“The good Bishop of Salisbury has had a plentiful Share in this sort of Treatment: And now at last, some or other has presum’d to burlesque his Lordship in printing a Speech for him, which none that knows his Lordship can believe ever came from him.
“But because it may go down with others who are too apt to take Slander upon trust, and that his Lordship has already been pelted with several Answers to his Speech, I have presum’d to offer the following Considerations, to clear his Lordship from the Suspicion of having vented (in such an august Assembly) those crude and undigested Matters which are set forth in that Speech, and which so highly reflect on his Lordship’s self.”
He has taken the same Method of Irony to attack the said Bishop for his Speech on the Trial of Sacheverel, and for a Sermon, under this Title, “The Good Old Cause, or Lying in Truth; being a Second Defence of the Lord Bishop of Sarum from a Second Speech, and also the Dissection of a Sermon it is said his Lordship preach’d in the Cathedral Church of Salisbury.” And this Pamphlet, which is also a continued Banter, begins thus.
“No Man has more deserv’d than this good Bishop, and no Man has been more persecuted by various Ways and Means than his Lordship, even to mobbing! But the ugliest and most malicious of all these Arts, is that of putting false Things upon him; to write scandalous, seditious, and senseless Papers, and to affix his Lordship’s Name! I was forc’d some Years ago to vindicate his Lordship’s Reputation from one of this sort: That Speech had a Bookseller’s Name to it of good figure, and look’d something like; but this Speech (said likewise to be spoken in the House of Lords) has no body to own it, and has all the Marks of Grub. But the nasty Phiz is nothing to the inside. That discovers the Man; the Heart is false.”

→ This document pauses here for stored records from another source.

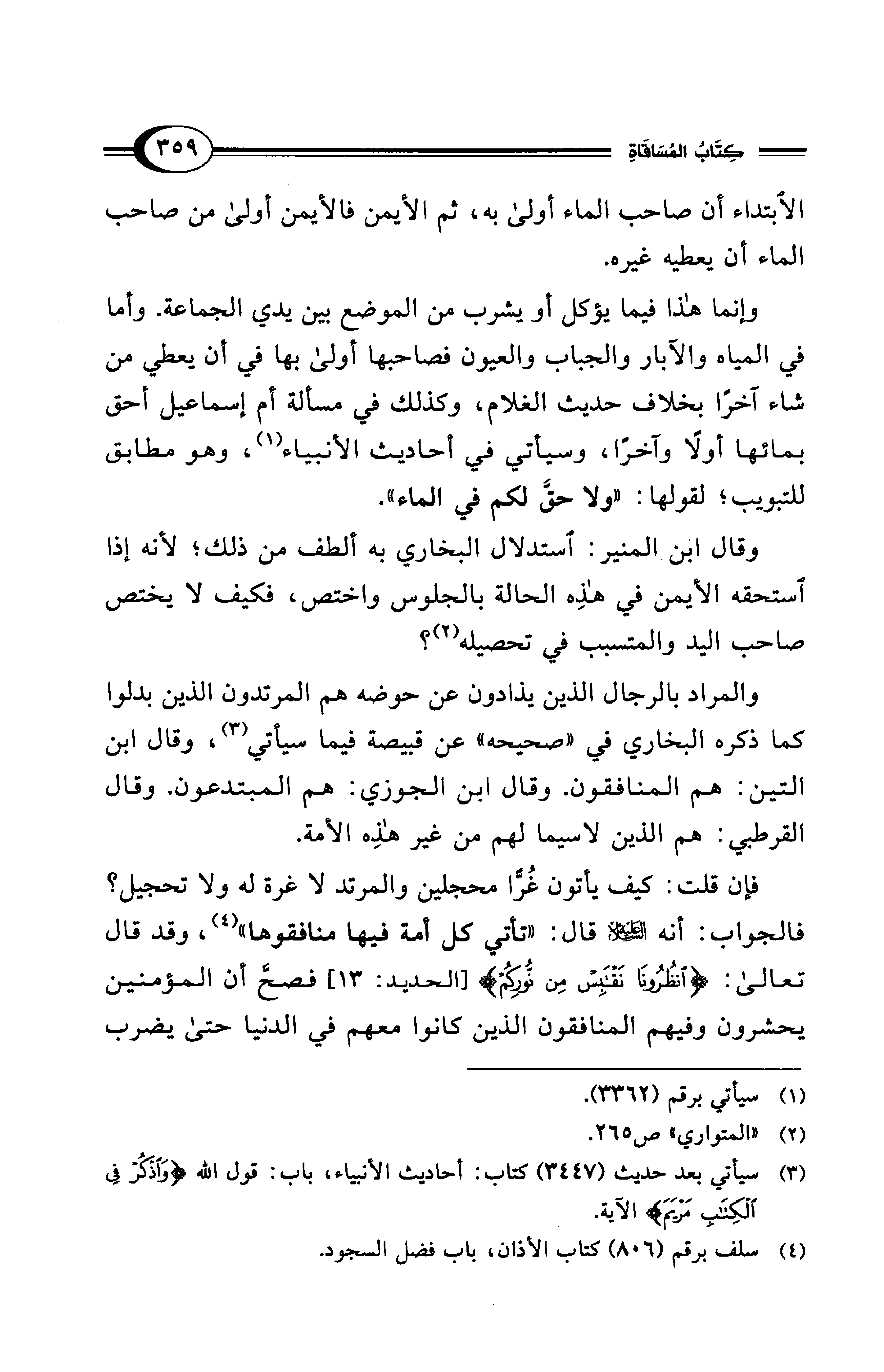 الابتداء أن صاحب الماء أولى به، ثم الأيمن فالأيمن أولى من صاحب الماء أن يعطيه غيره.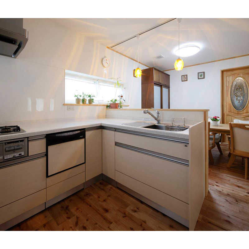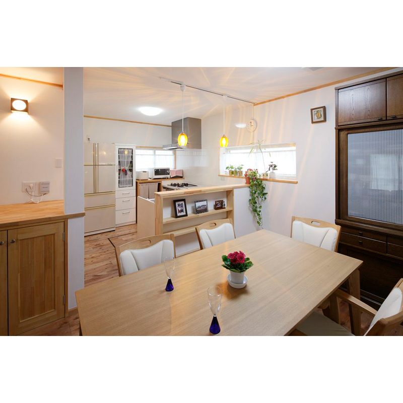 二世帯が集まるLDKは、奥様希望の対面キッチンに。奥様のお母様やお嬢様と一緒にお料理が楽しめます。また、浴室や洗面所を増築部分にまとめたことで、広いLDKを実現。抜けない柱は、収納スペースや飾り梁を付けてLDKのポイントに。全部の窓にインナーサッシを付け、省エネ対策も充実しました。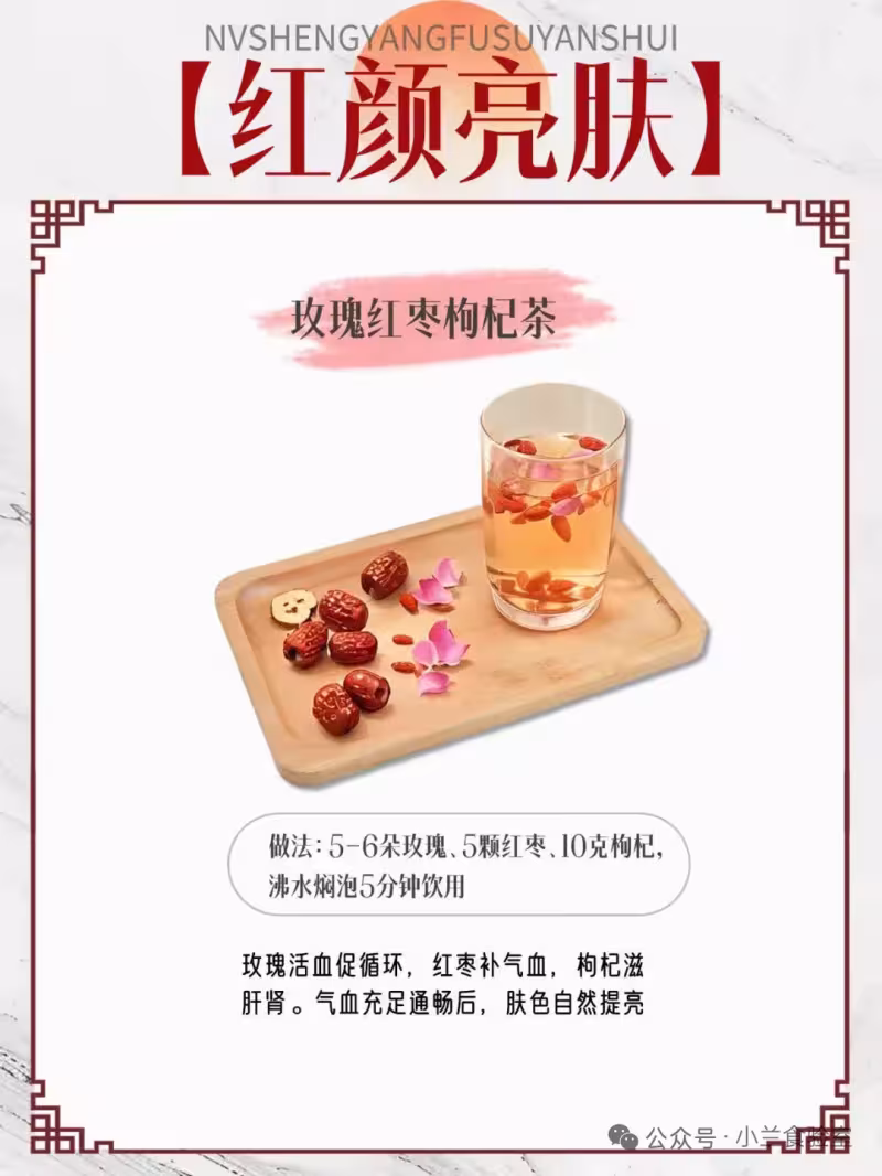 🧂做法:5-6朵玫瑰、5顆紅棗、10克枸杞,沸水燜泡5分鐘飲用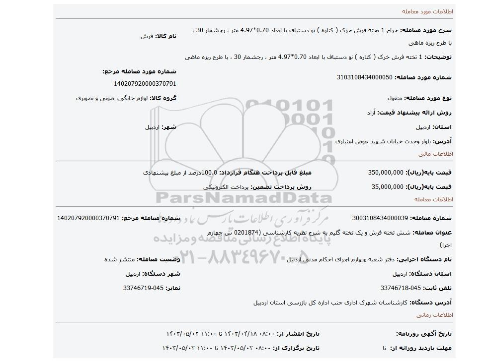 نام دستگاه اجرایی: دفتر شعبه چهارم اجرای احکام مدنی اردبیلوضعیت معامله: منتشر شده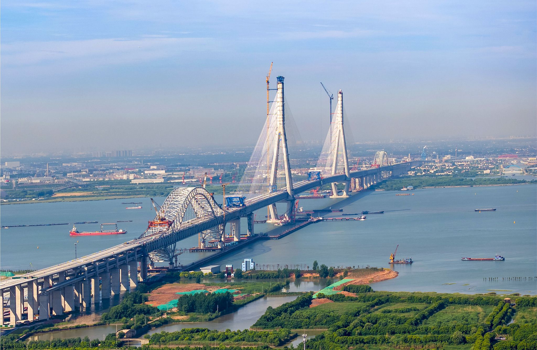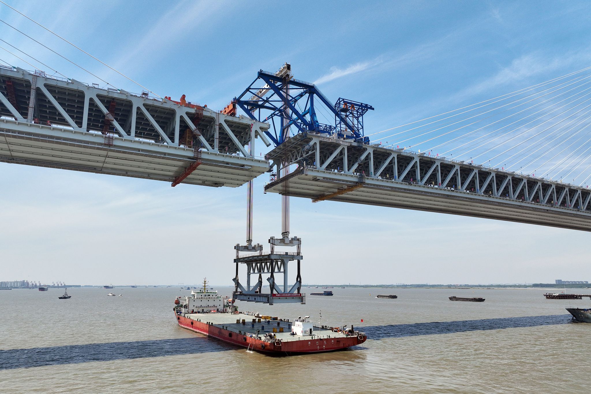2024年5月29日,江苏泰州,中交二航局参建的常泰长江大桥施工现场。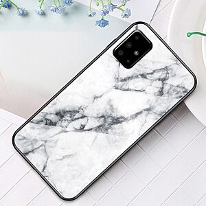 Θήκη Samsung Galaxy A51 OEM σχέδιο Marble με Πλάτη Tempered Glass TPU λευκό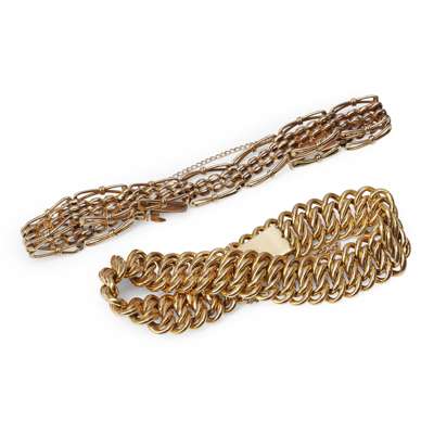 the first composed of twisted oval links, concealed clasp and safety chain, apparently unmarked; together with another apparently unmarked, square links (2)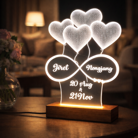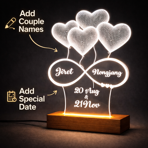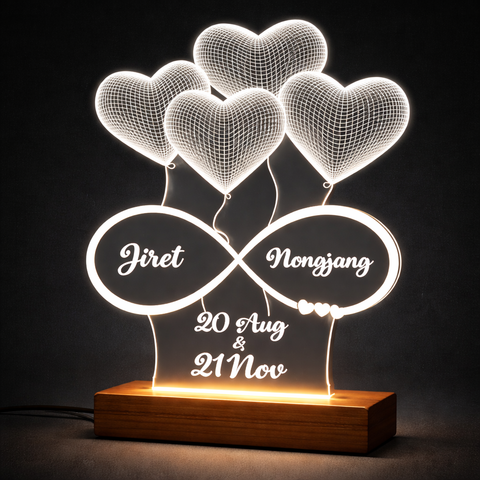 Premium 3mm acrylic LED couple lamp with heart design and glossy finish. Customized names and date with wooden LED base make it ideal for romantic gifting.

This same Author has thought fit to attack Mr. Hoadley (since a Bishop) in the way of Banter: His Best Answer ever was made, and to which no Answer will ever be made, is by his own Confession a Farce; when he says in his Preface, “If you ask why I treat this Subject by way of farce, and shew a little Merriment sometimes? it was because the Foundation you stand upon is not only false but ridiculous, and ought to be treated with the utmost Contempt.”
Again, in his “Finishing Stroke, in defence of his Rehearsals, Best Answer, and Best of all,” he gives us (p. 125.) what he calls, “A Battle-Royal between three Cocks of the Game, Higden, Hoadley, and a Hottentot;” which in the Contents he calls A Farce, and to which he joins both a Prologue and Epilogue, and divers other Particulars, all taken from the Play-house.
The Reverend Mr. Matthias Earbery sets up for a great Satirist and Drole upon the swearing and Low-Church Clergy, in numerous Pamphlets of late, more particularly in his “Serious Admonition to Dr. Kennet: To which is added, a short but complete Answer to Mr. Marshal’s late Treatise called, A Defence of our Constitution in Church and State; and a Parallel is drawn between him and Dr. Kennet, for the Satisfaction of the unprejudic’d Reader.”
He has a bantering Argument [115] to shew, that, “If in future Ages Mr. Marshal’s Book should escape the just Judgment it deserves, of being condemn’d to the Pastry-Cooks and Grocers, an industrious Chronologist might make an Observation to prove him too young to write it.”
The Parallel is in Pag. 126, which being very gross Raillery, I only refer you to it.
This Mr. Earbery also wrote a Letter to Bishop Fleetwood, under the Title of “A Letter to the Bishop of Ely, upon the Occasion of his suppos’d late Charge, said to be deliver’d at Cambridge August 7, 1716, &c.” in which he pursues the Ironical Scheme laid down in the said Title, and endeavours to vindicate his Lordship from the Aspersion of writing such a mean Pamphlet, as the Charge.